What is being asked | The reply needs the lines from the one containing "Strategically positioned on" through the end of the material, each repeated exactly, and no pictures.

Supplied information |
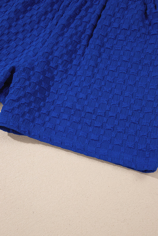 Sky Blue Jacquard Textured Buttoned Tee and Shorts Set. GCollection
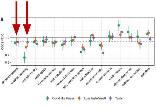 Trotz des großen Interesses am Masketragen von Kindern in den Vereinigten Staaten gibt es nur wenige Studien mit Ergebnissen, die eine Maskenpflicht für Schüler in Schulen eindeutig unterstützen. Außerdem können diese Aufforderungen das Lernen erheblich beeinträchtigen. Eine viel beachtete Studie in der Zeitschrift Science stützte sich auf die Ergebnisse einer Facebook-Umfrage, berücksichtigte nicht die Testniveaus in verschiedenen Bereichen und fand nur dann signifikante Unterschiede beim Masketragen von Lehrern (dargestellt durch den hinzugefügten roten Pfeil, rechts), wenn COVID-ähnliche Erkrankungen (CLIs) gezählt wurden (grün), während beim Masketragen von Schülern (hinzugefügter roter Pfeil, links) keine Unterschiede festgestellt wurden, wenn positive Nukleinsäure-Amplifikationstests-Ergebnisse erforderlich waren (lila).
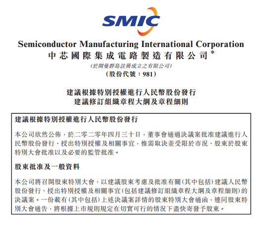 ICC訊 5月5日晚間,中國(guó)內(nèi)地芯片制造龍頭——中芯國(guó)際(0981.HK)宣布回A,擬在科創(chuàng)板上市。
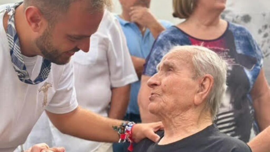 El alcalde de Arganda del Rey felicita al vecino Miguel Bernabé, que cumple 100 años en el día de la ofrenda a la virgen
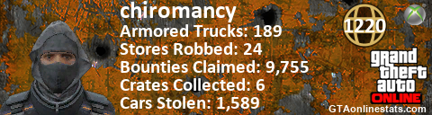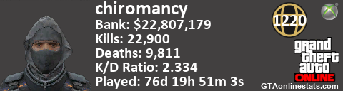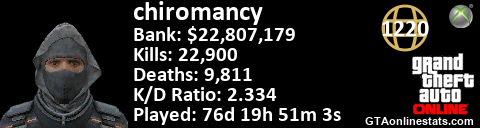 <a href="http://GTAonlinestats.com/showplayer/chiromancy"><img src="http://GTAonlinestats.com/randomsignature/chiromancy/sig.png" alt="Chiromancy" border="0" /></a>
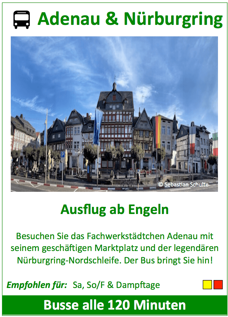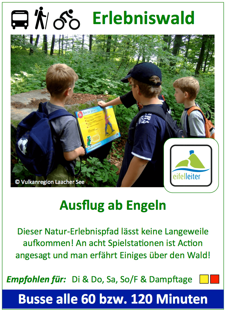 Der Freizeitbus Vulkanpark (Linie 322) bindet unseren Bahnhof Engeln am Wochenende stündlich und unter der Woche meist alle zwei Stunden direkt an viele Ausflugsziele an. In Kombination mit weiteren Linien, z.B. dem Doppeldecker-Freizeitbus 399 erreichen Sie fast jedes beliebige Ziel in der Umgebung.
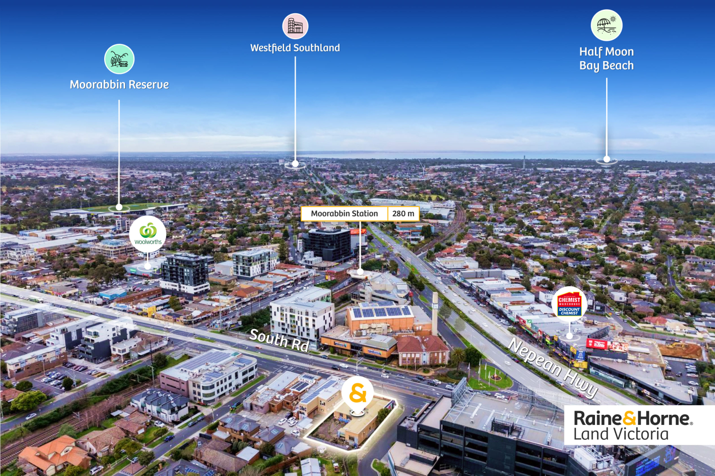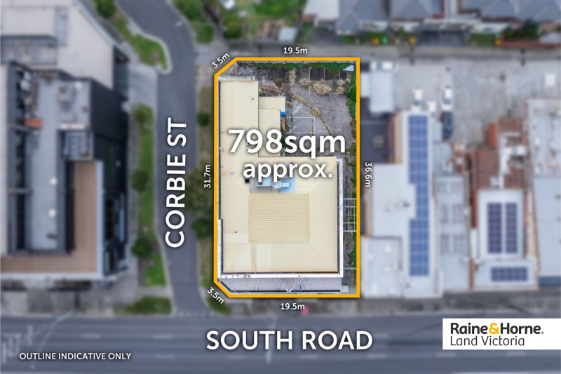 Strategically positioned on the high-exposure corner of Nepean Highway and South Road, this 798 sqm (approx.) Commercial 1 Zoned site sits at the intersection of two major arterial roads carrying substantial daily traffic volumes - delivering unmatched visibility and long-term commercial prominence.
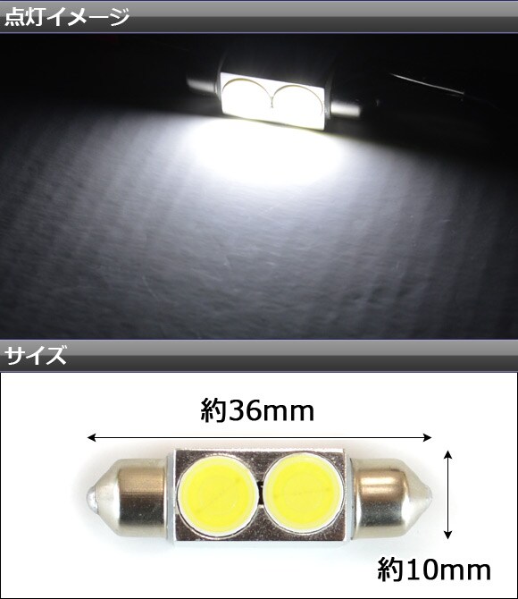 ルームランプ ルームライト LED LEDバルブ バルブ 車内灯 室内灯 2発 2灯 2個 2ワット 白 white T10 36 36mm ヒューズ球 タル型 樽型 両口金 まくら球 枕球 枕型球 枕型 ランプ ライト 照明 電球 電灯 発光 ルーム センター マップ バニティ バニテイ バイザー カーテシ フット ラゲッジ トランク フロント automobile motorcar オートモービル モーターカー カー 車 自動車 車両

Answer box |
 Strategically positioned on the high-exposure corner of Nepean Highway and South Road, this 798 sqm (approx.) Commercial 1 Zoned site sits at the intersection of two major arterial roads carrying substantial daily traffic volumes - delivering unmatched visibility and long-term commercial prominence.
 ルームランプ ルームライト LED LEDバルブ バルブ 車内灯 室内灯 2発 2灯 2個 2ワット 白 white T10 36 36mm ヒューズ球 タル型 樽型 両口金 まくら球 枕球 枕型球 枕型 ランプ ライト 照明 電球 電灯 発光 ルーム センター マップ バニティ バニテイ バイザー カーテシ フット ラゲッジ トランク フロント automobile motorcar オートモービル モーターカー カー 車 自動車 車両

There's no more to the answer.